The coaches anticipate they will have to rely on more of the same tomorrow in Arizona, with Ryan Boschetti, Demetric Evans and Aki Jones -- last weekend's backup defensive linemen -- getting more assistance from other reserves.
Washington has been without at least one of its top defensive linemen for much of the season. While starting tackle Joe Salave'a has not been ruled out, he is likely to miss a second straight game with a foot condition. Cornelius Griffin, the other starting tackle, is still recovering after missing four games with an injured hip flexor.
Despite the injuries, the Redskins have restored some of their defensive luster in recent weeks. The pass rush has been effective again since Griffin returned, registering six sacks the last two games. Washington's run defense -- the envy of the NFL last season -- has approached last season's standard over the last five games.
"We had some young guys out there playing on Sunday, mostly out of necessity and partially out of it's that time of the year where they have to stand up and be accountable, and they have to help us get through ballgames," said defensive coordinator Greg Blache. "They have to help us in the rotation, and I think it will be a big factor again this week in Arizona."
Blache, who oversees the defensive line, is a proponent of rotating reserves, and during some drives Sunday he used Boschetti, 24, in his second season, Evans, 26, in his fourth season, and Jones, 23, a rookie, together, with end Renaldo Wynn the only regular lineman on the field with them. Third-year tackle Cedric Killings, 27, was ready to replace Salave'a before suffering a groin injury in practice last week; he did not play Sunday and is questionable for this game. End Nic Clemons, 24, dressed in St, Louis and, although he did not play, Blache expects he could be more involved this weekend.
The Cardinals have one of the NFL's most dangerous passing attacks, and their two dynamic wide receivers, combined with the league's weakest rushing game, has Washington's defense bracing for an onslaught of downfield passing attempts. Blache said getting to quarterback Kurt Warner and disrupting his rhythm will be imperative for all of the linemen.
"Nic is going to have to step up and help us some in the pass rush because this is the number one passing team in the league, and we have to put some pressure on this guy," Blache said.

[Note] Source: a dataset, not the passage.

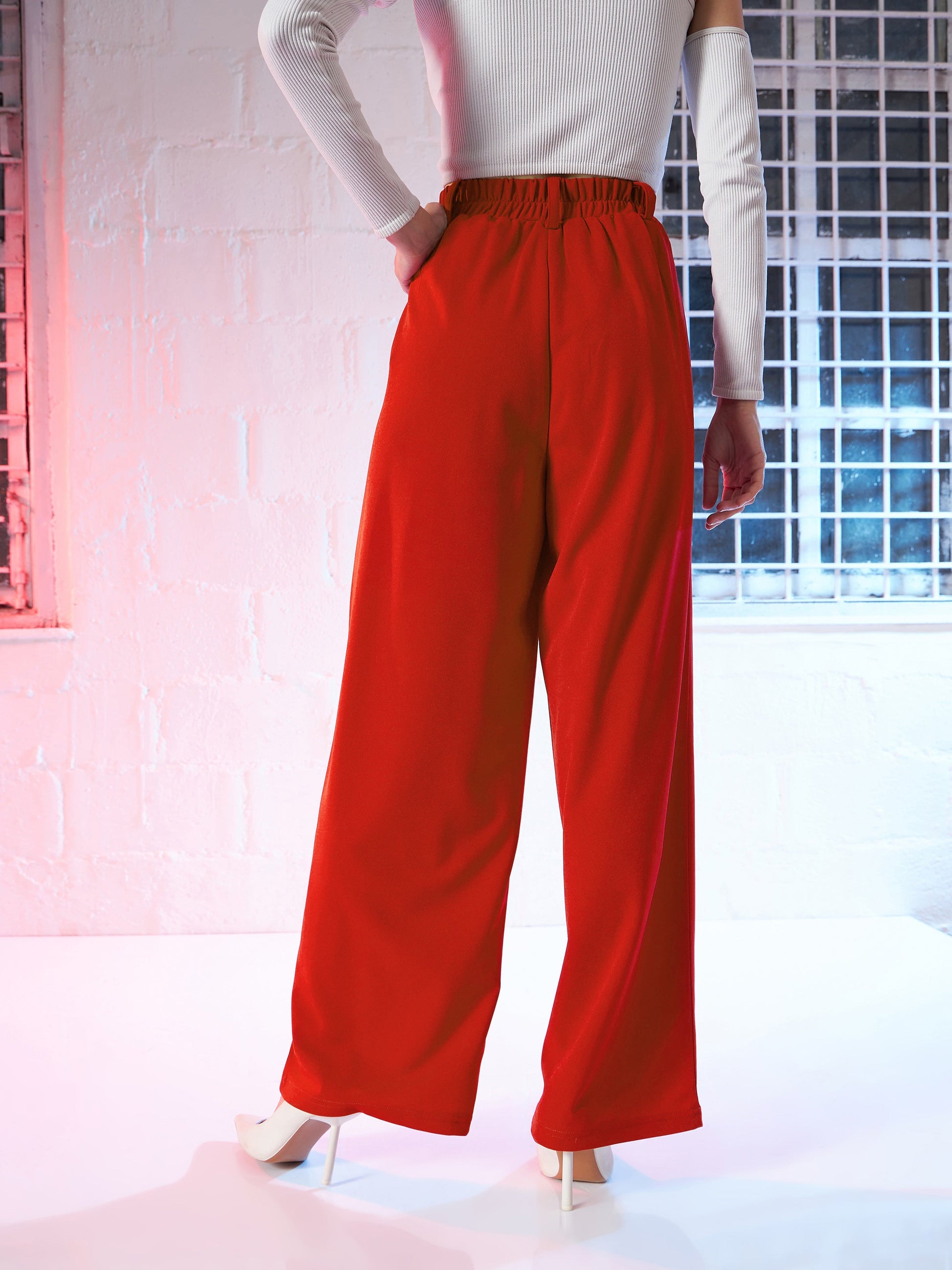 Red Korean Pleated Loose Fit Pants , in Canton Knit fabric, Unlined, Full Length, Loose Fit, Button Closure, Straight Hemline and features Collar Detail At Neck
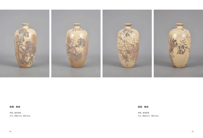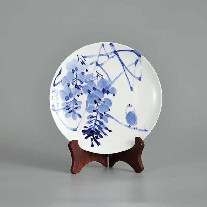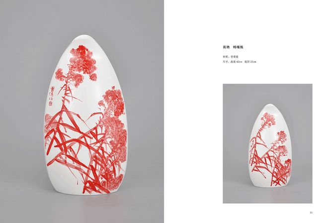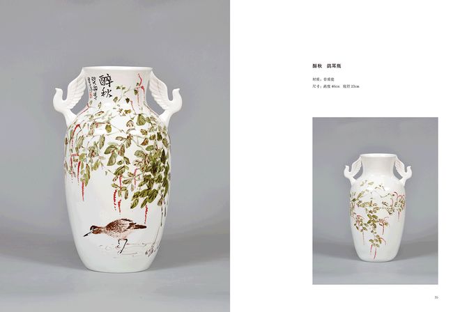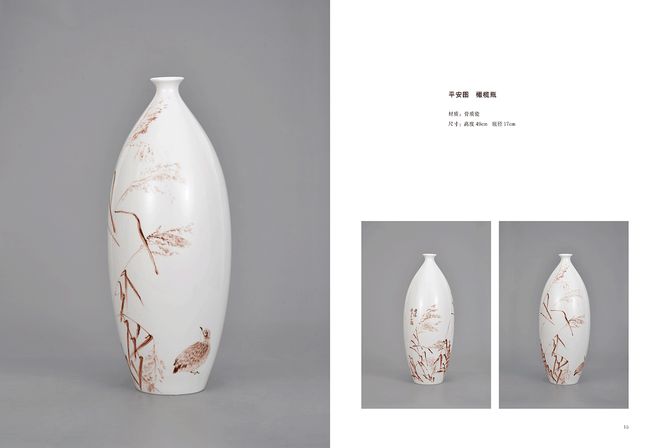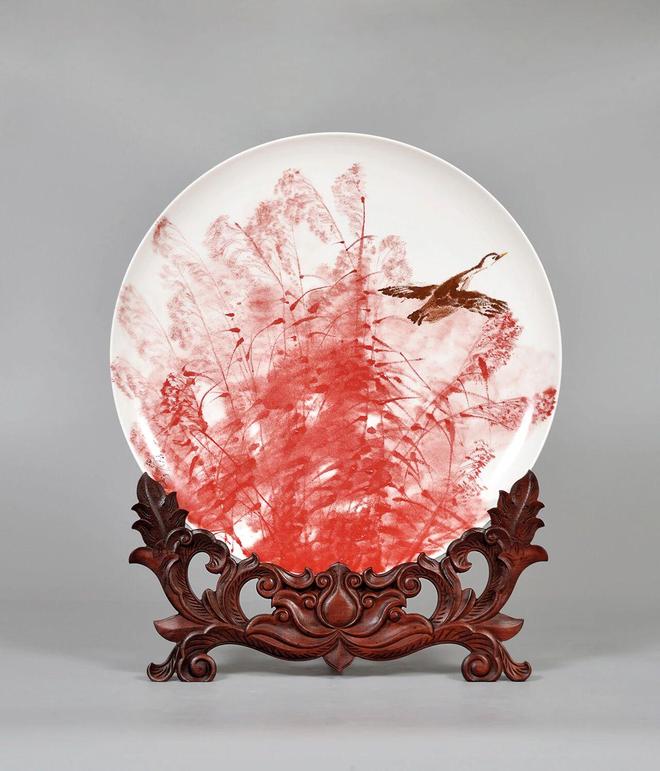 在他笔下,任何花鸟都能跃然瓷上,神采灵动,栩栩如生。那花、那叶,层次丰富,或可见疾风吹拂之感,或可感柔风拂过之味。那鸟儿、那雁,绒毛细密柔和,纤毫毕露,质感满满,每一处细节都被他精细描绘得丝丝入扣,足见其深厚的艺术修养和高超的绘制技巧。无论在何种器皿上,他都善于因材施艺地化“谋略”于无形,使得每幅画作都能与瓷器本身自成一体,浑然天成,且构图稳健饱满,疏密有致,形态精简而意远,浓、重、焦、淡墨相渗叠,线条中彰显出笔法的凝练和沉健。他的作品寓意也颇有超凡脱俗之感,传递出生生不息之美,可谓“质精色良艺美”,让人一眼看去便能感受到他作品的神韵所在。

Blache is rarely satisfied with his players, but even he cannot nitpick much with the rushing defense. The Redskins have allowed just 3.3 yards per carry over the last five games -- last season they led the NFL by allowing 3.1 yards -- and held four of those opponents to 61 yards or less. "Physically, we're stouter at the point of attack then we were at any time last year," said Gregg Williams, assistant head coach-defense. "We've just had a few runs that popped."
The only blemishes were two long, late touchdown runs by San Diego running back LaDainian Tomlinson two weeks ago, which resulted in a 23-17 overtime defeat. On the other 122 rushes against Washington in the last five games, opponents are averaging 2.7 yards per carry, a remarkable figure, especially with Griffin out for much of that stretch.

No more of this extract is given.